When I went to fact check my friends post and make sure that today was, in fact, National Day of Unplugging, I discovered something else. The day isn’t just March 1st. Organizers of the day have designated from sundown Friday, March 1st to sundown Saturday, March 2nd to observe the day of unplugging. For those of you who aren’t familiar with Jewish customs, this is patterned after the Jewish Sabbath, the weekly day of rest commanded by God in the Bible (Ex 20:4-8).


As writers, it’s part of our job to study storytelling—to read books, watch films and television, keep up with industry trends, and do extensive research. Like any industry, being knowledgeable in your field is important. But we can’t let these things become our whole world. We need time to connect with a deeper reality. Without this connection, our labor, no matter how much we love it, is in danger of becoming meaningless.


You don’t have to believe in God, but you do have to be able to find the stillness that people so often find in prayer and meditation. And that takes unplugging.


In this space where we drop out of the noise of our consumer culture and its demands on every facet of our being, we have an opportunity to tune in to a deeper reality, our deeper reality, and turn on that part of us that is alive with creativity, that part of us that is good enough, does enough, has enough to generate works of art that have meaning not just to us, but to the people we are dying to connect with.


Unplugging will look different for everyone. Some may find themselves actually doing the writing they’ve been putting off (raises hand), some may find themselves in nature or sharing a meal with friends they haven’t seen in a long time. The point is to move away from the gazillions of terabytes clamoring for our attention and trying to shape the way we see the world and ourselves.

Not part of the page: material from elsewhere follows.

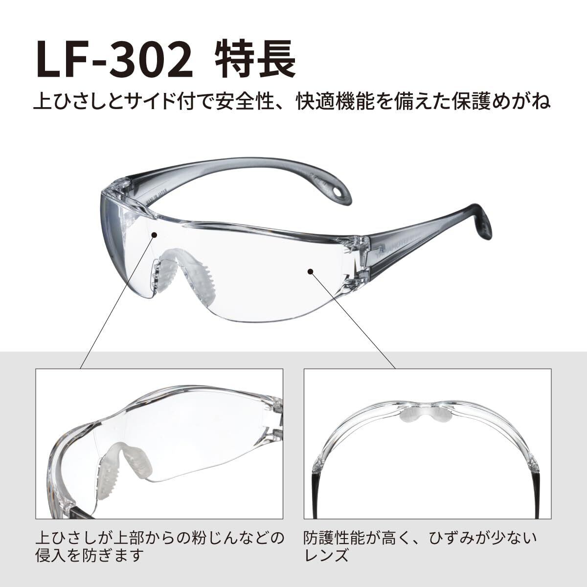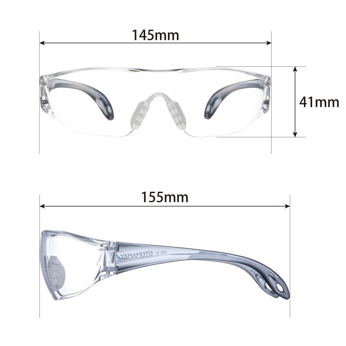 [山本光学] YAMAMOTO LF-302 ライトフィット保護めがね L-FIT2 上部ひさしカバー付き 双球面レンズ クリアグレー PET-AF(両面ハードコートくもり止め) 日本製 JIS 紫外線カット

You know what else is startling to think about? It takes so little unplugging to make a difference. We may not all have the discipline required to observe a weekly day of unplugging as the Bible suggests, but we can certainly experiment with one day.


I already feel invigorated, and I plan on observing this year’s National Day of Unplugging through tomorrow's sunset. Will you join me?


Let’s see what kind of fruit it bears.